Denise M. O'Driscoll,1,2 Konstantinos Kostikas,2 Anita K. Simonds,1,2 and Mary J. Morrell1,2

1Clinical and Academic Unit of Sleep and Breathing, National Heart and Lung Institute, Imperial College, and 2Sleep and Ventilation Unit, Royal Brompton Hospital, London, United Kingdom

Submitted 8 July 2004 ; accepted in final form 30 November 2004

The cardiovascular response to an arousal from sleep at the termination of an obstructive apnea is more than double that to a spontaneous arousal.
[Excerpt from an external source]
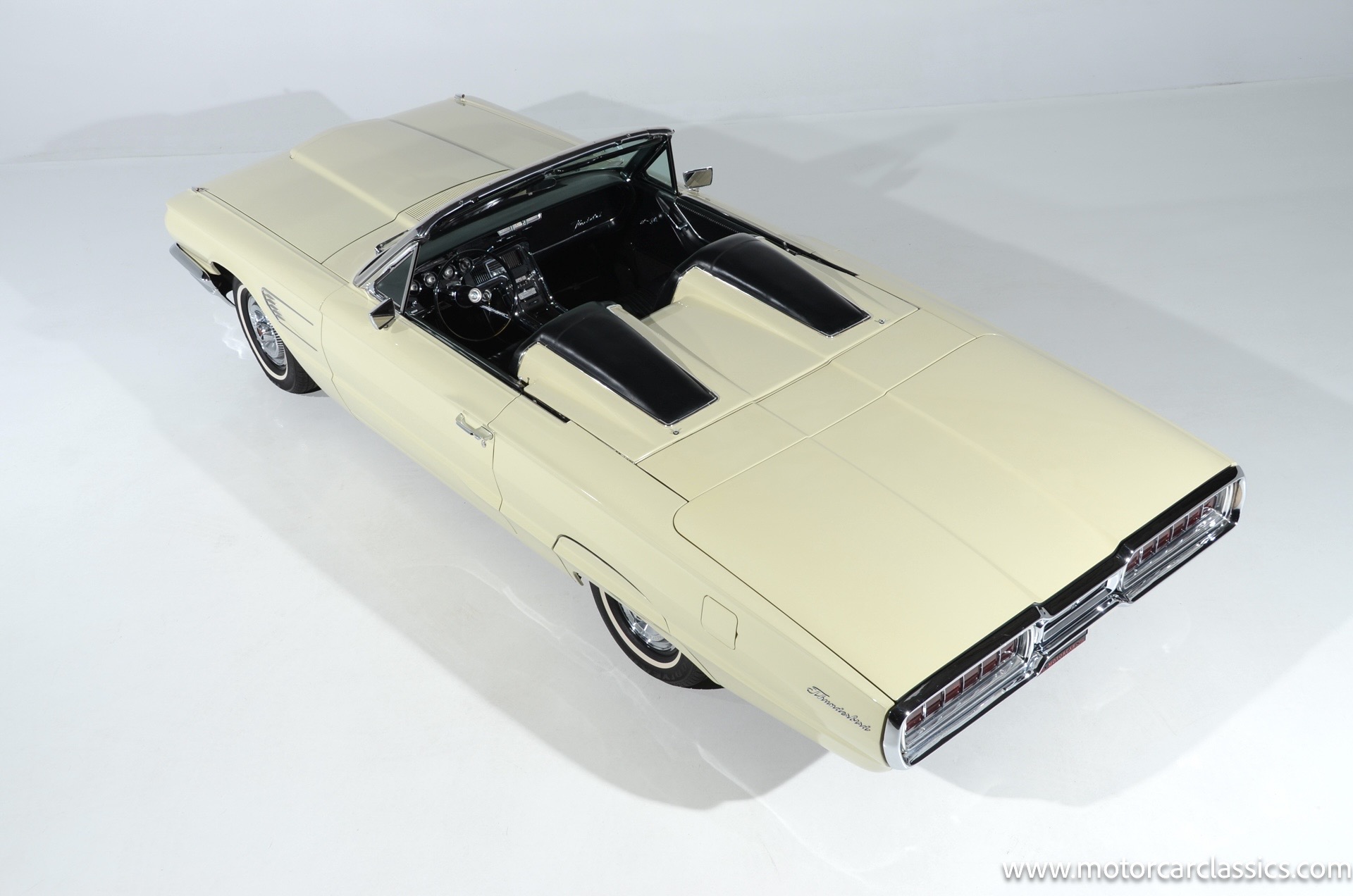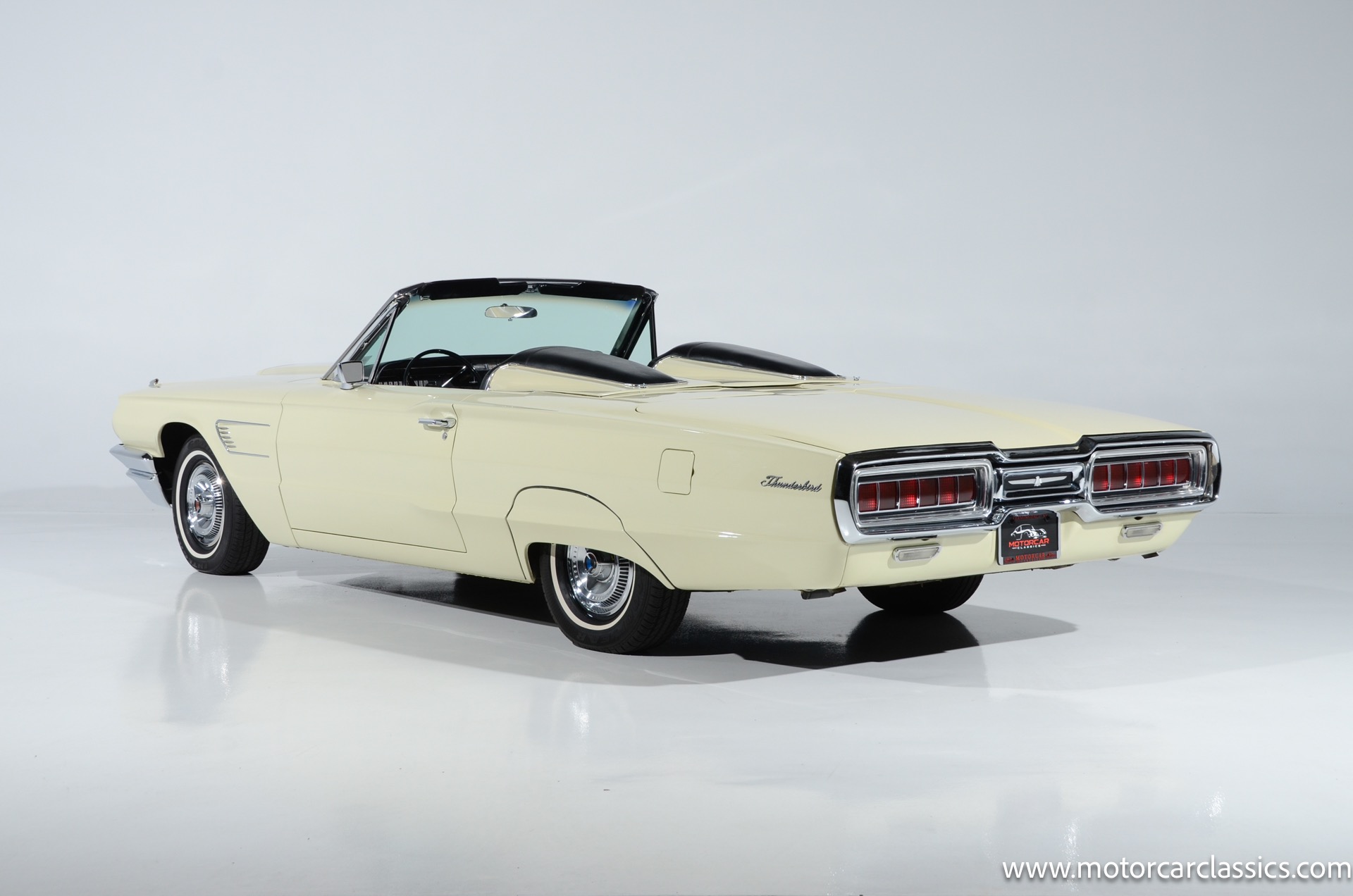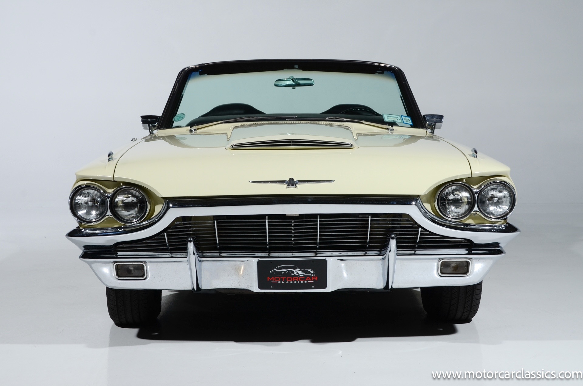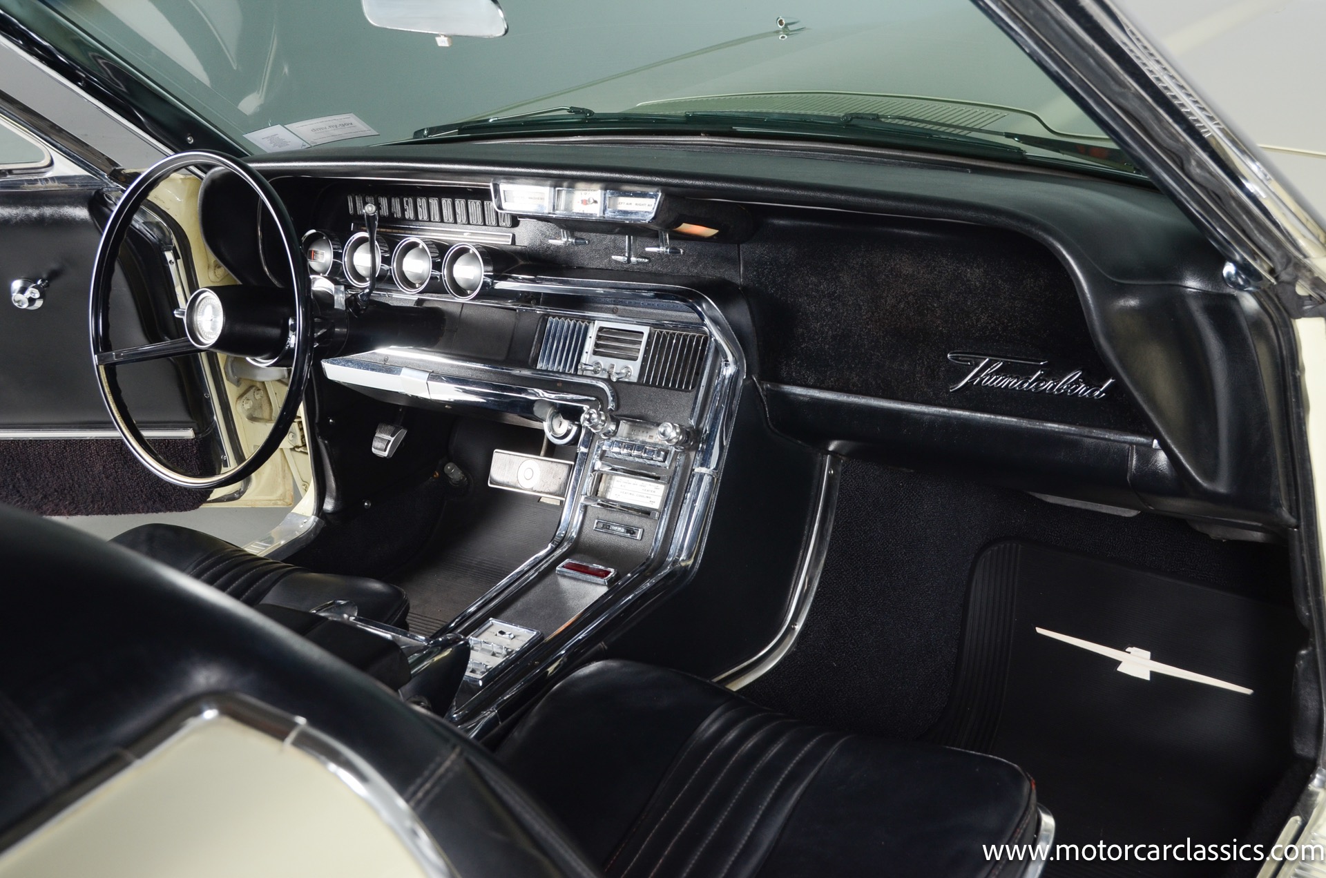 1965 Ford Thunderbird for sale! Motorcar classics is pleased to present a classic blend of American power and luxury - the 1965 Ford Thunderbird Convertible. This iconic machine is finished in a sophisticated pastel yellow exterior that beautifully complements the Black vinyl interior, making it an eye-catching expression of timeless elegance.

We investigated the hypothesis that stimulation of respiratory mechanoreceptors, by inspiring against an occluded airway during an arousal from sleep, augments the accompanying cardiovascular response. Arousals (>10 s) from stage 2 sleep were induced by a 1-s auditory tone (85 dB) during a concomitant 1-s inspiratory occlusion (O) and without an occlusion [i.e., control arousal (C)] in 15 healthy men (mean ± SE: age, 25 ± 1 yr). Arousals were associated with a significant increase in mean arterial blood pressure (MAP) at 4 s (P < 0.001) and a significant decrease in R-R interval at 3 s (P < 0.001). However, the magnitude of the cardiovascular response was not different during C compared with O (MAP: C, 86 ± 3 to 104 ± 3 mmHg; O, 86 ± 3 to 105 ± 3 mmHg; P = 0.99. R-R interval: C, 1.12 ± 0.03 to 0.89 ± 0.04 s; O, 1.11 ± 0.02 to 0.87 ± 0.02 s, P = 0.99). Ventilation significantly increased during arousals under both conditions at the second breath (P < 0.001); this increase was not different between the two conditions (C: 4.40 ± 0.29 to 6.76 ± 0.61 l/min, O: 4.35 ± 0.34 to 7.65 ± 0.73 l/min; P = 0.31). We conclude that stimulation of the respiratory mechanoreceptors by transient upper airway occlusion is unlikely to interact with the arousal-related autonomic outflow to augment the cardiovascular response in healthy young men.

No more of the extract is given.